Let the output of the convolutional layers be represented as a 3D tensor $T$ of size $h \times w \times c$, where: - $h$: Height of the feature map. - $w$: Width of the feature map. - $c$: Number of channels (features) in the feature map.

The global max pooling operation computes:

$$ v_k = \max_{i,j} T_{ijk}, \quad \forall k \in [1, c] $$

Where: - $T_{ijk}$ is the value at position $(i, j)$ in the $k$-th channel of the tensor. - $\max_{i,j} T_{ijk}$ finds the maximum value in the entire $h \times w$ grid for the $k$-th channel. - $v_k$ is the resulting value for the $k$-th channel.

The output is a vector $v \in \mathbb{R}^{c}$, where $c$ is the number of channels. For EfficientNetB3, $c = 1536$, so the output vector has 1536 elements.


Step-by-Step Explanation of Global Max Pooling

  1. Input Tensor: The input tensor $T$ represents the feature maps after the convolutional layers.

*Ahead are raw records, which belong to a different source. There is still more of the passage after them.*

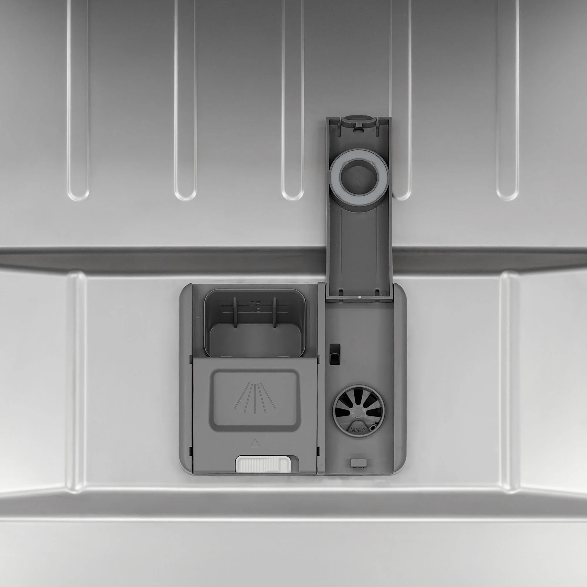 Вместимость 14 комплектов Внутри 3 уровня загрузки с регулируемой по высоте корзиной и внутреннее освещение, которое обеспечивает отличную видимость даже при загрузке в вечернее время.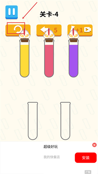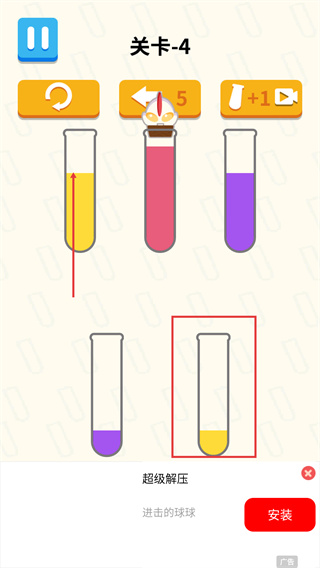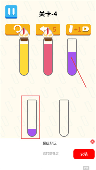 2、将装有黄色液体的试管倒入被框选的【黄色液体试管】,按同色液体归置的规则。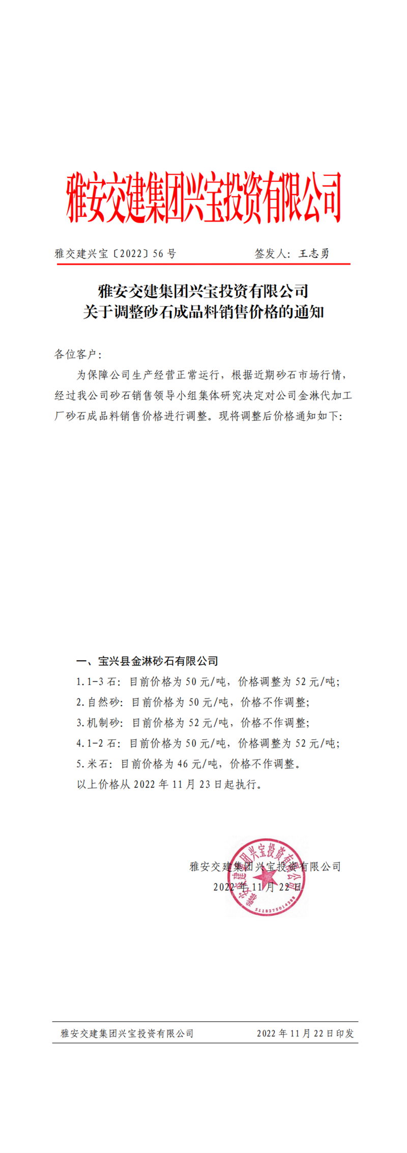 ÑŽ»½¨ÅdŒš¡²2022¡³56Ì–(h¨¤o) êP(gu¨¡n)ÓÚÕ{(di¨¤o)Õûɰʯ³ÉÆ·ÁÏäNÊÛƒr(ji¨¤)¸ñµÄ֪ͨ-11.22

For example, if $T$ is of shape $7 \times 7 \times 1536$:
  2. There are 1536 channels.
  3. Each channel is a $7 \times 7$ matrix of feature values.

  4. Finding Maximum Values:

  5. For each channel $k$, the operation $\max_{i,j} T_{ijk}$ scans the entire $7 \times 7$ grid.
  6. It picks the largest value in the grid and assigns it to $v_k$.

  7. Generating the 1D Vector:

  8. After computing the maximum value for all 1536 channels, the result is a 1D vector: $$ v = [v_1, v_2, \dots, v_{1536}] $$

Why Use Global Max Pooling?

  1. Dimensionality Reduction:
  2. It reduces the spatial dimensions ($h \times w$) of the feature maps to a single value per channel.
  3. For example, a $7 \times 7 \times 1536$ tensor becomes a $1 \times 1536$ vector.

  4. Retains Salient Features:

  5. By keeping only the maximum value from each channel, it captures the most significant feature activation in that channel.

  6. Parameter-Free:

  7. Unlike fully connected layers, global max pooling does not add any learnable parameters.

  8. Translation Invariance:

  9. It focuses on the presence of a feature rather than its exact location, making the network more robust to spatial translations in the input.

Example

Suppose a single channel of the feature map $T_k$ (size $3 \times 3$) looks like this:

$$ T_k = \begin{bmatrix} 0.1 & 0.5 & 0.3 \ 0.7 & 0.2 & 0.4 \ 0.8 & 0.6 & 0.9 \end{bmatrix} $$

The global max pooling operation computes:

$$ v_k = \max_{i,j} T_{ijk} = \max(0.1, 0.5, 0.3, 0.7, 0.2, 0.4, 0.8, 0.6, 0.9) = 0.9 $$

For all channels, this process repeats, resulting in the final 1D vector $v$.


Impact of Global Max Pooling

  • Compact Representation:
  • Converts large, high-dimensional feature maps into small vectors while preserving the most salient features.

  • Efficient Computation:

  • Reduces the computational cost by collapsing spatial dimensions.

  • Simplifies Final Layers:

  • The resulting vector $v \in \mathbb{R}^{c}$ can directly feed into dense layers for classification.